Assignment
For this exercise, copy the data exactly and omit any images.
(Recorded data)
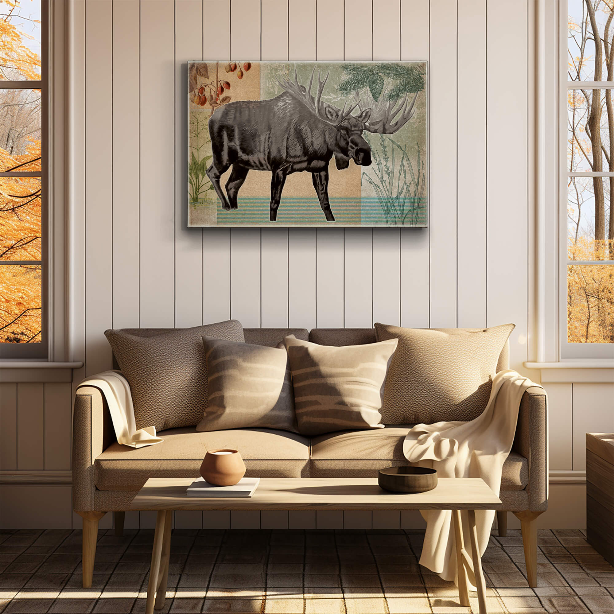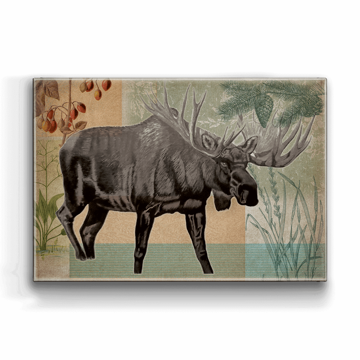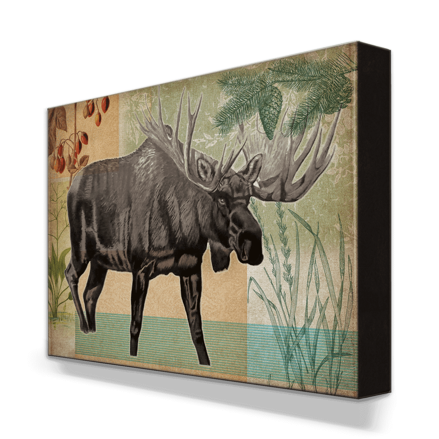 The moose, a gentle giant of the forest, is expertly depicted in this artwork. The beautiful rendering of this majestic creature amidst the tranquil wilderness creates an imposing yet serene image, perfect for bringing a touch of nature's grandeur into your home.
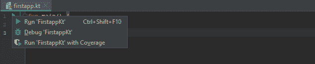 Running the application.Now the application is ready to run. The easiest way is to click the green Run button in the sidebar and select Run ‘FirstappKt’. You can run directly by pressing Ctrl + Shift + F10.
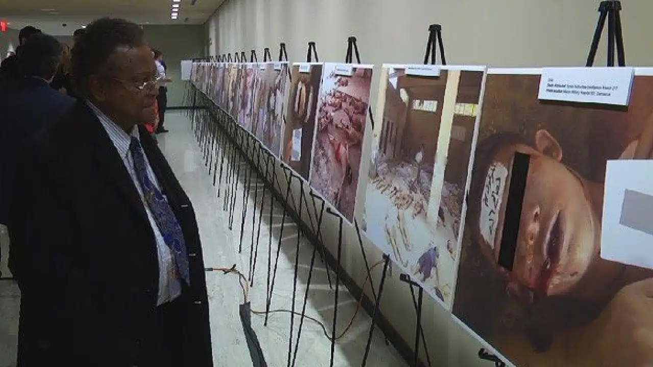 Suriye'de rejim tarafından işkence ve insanlık dışı yöntemlerle öldürüldüğü belirlenen 11 bin kişiye ait fotoğraflardan bazılarının yer aldığı sergi BM'nin New York'taki Genel Merkezi'nde açıldı.
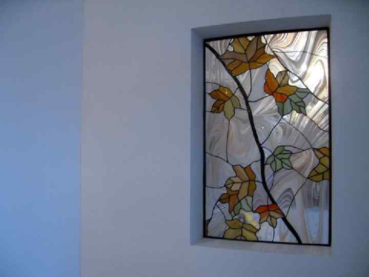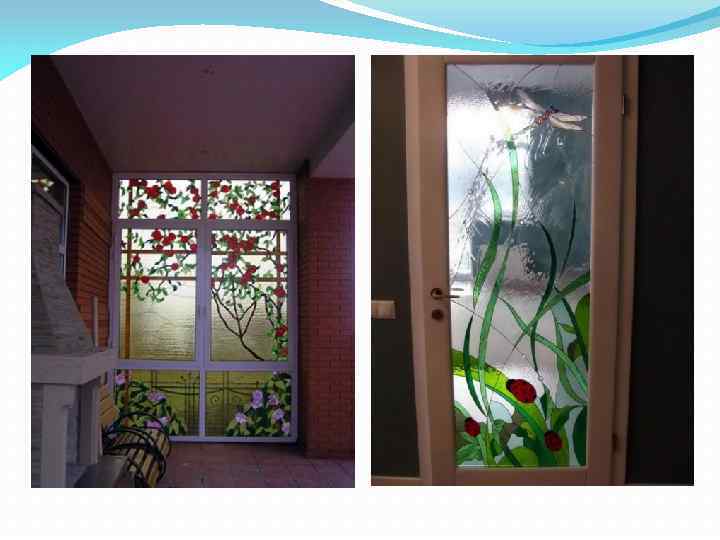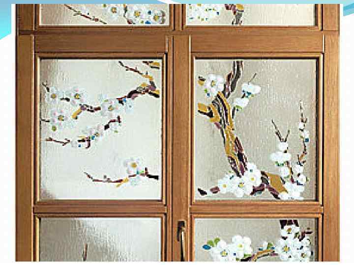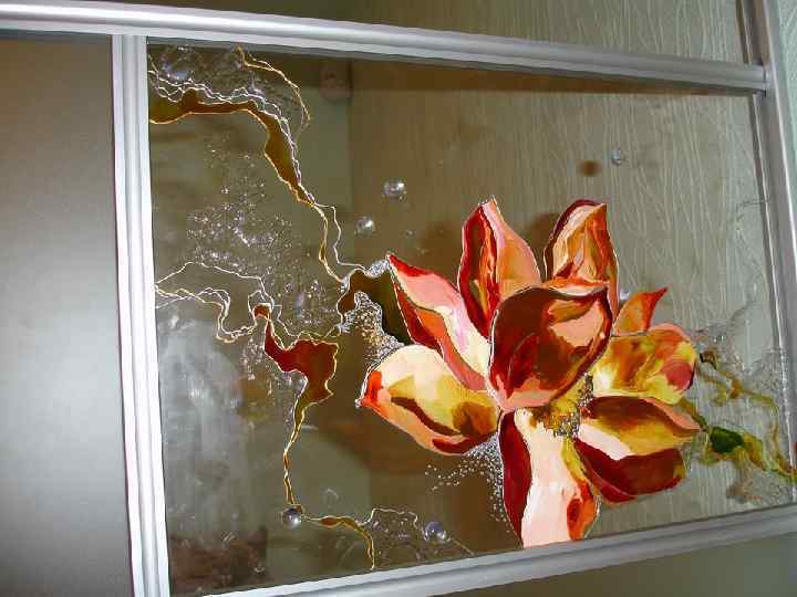 Расписной витраж (роспись по стеклу) Художественная роспись по стеклу выполняется специальными силикатными красками. Обычно расписываются детали в витражах. Использование только этой техники создает впечатление свежести акварели. Краски, после нанесения их на стекло, закрепляются в печи при высокой температуре, становясь при этом очень прочными и невосприимчивыми к выгоранию. Роспись по стеклу проста в исполнении, но достаточно красива и изящна, так как создает нежные, прозрачно-туманные образы. Это милое волшебство, по мнению дизайнеров, не останется незамеченным в интерьере вашей квартиры. При применении этой технологии витраж становится более дорогим, но в результате стекло выглядит по-настоящему элитным.
(End Recorded data)
Task solution
 The moose, a gentle giant of the forest, is expertly depicted in this artwork. The beautiful rendering of this majestic creature amidst the tranquil wilderness creates an imposing yet serene image, perfect for bringing a touch of nature's grandeur into your home.
 Running the application.Now the application is ready to run. The easiest way is to click the green Run button in the sidebar and select Run ‘FirstappKt’. You can run directly by pressing Ctrl + Shift + F10.
 Suriye'de rejim tarafından işkence ve insanlık dışı yöntemlerle öldürüldüğü belirlenen 11 bin kişiye ait fotoğraflardan bazılarının yer aldığı sergi BM'nin New York'taki Genel Merkezi'nde açıldı.
 Расписной витраж (роспись по стеклу) Художественная роспись по стеклу выполняется специальными силикатными красками. Обычно расписываются детали в витражах. Использование только этой техники создает впечатление свежести акварели. Краски, после нанесения их на стекло, закрепляются в печи при высокой температуре, становясь при этом очень прочными и невосприимчивыми к выгоранию. Роспись по стеклу проста в исполнении, но достаточно красива и изящна, так как создает нежные, прозрачно-туманные образы. Это милое волшебство, по мнению дизайнеров, не останется незамеченным в интерьере вашей квартиры. При применении этой технологии витраж становится более дорогим, но в результате стекло выглядит по-настоящему элитным.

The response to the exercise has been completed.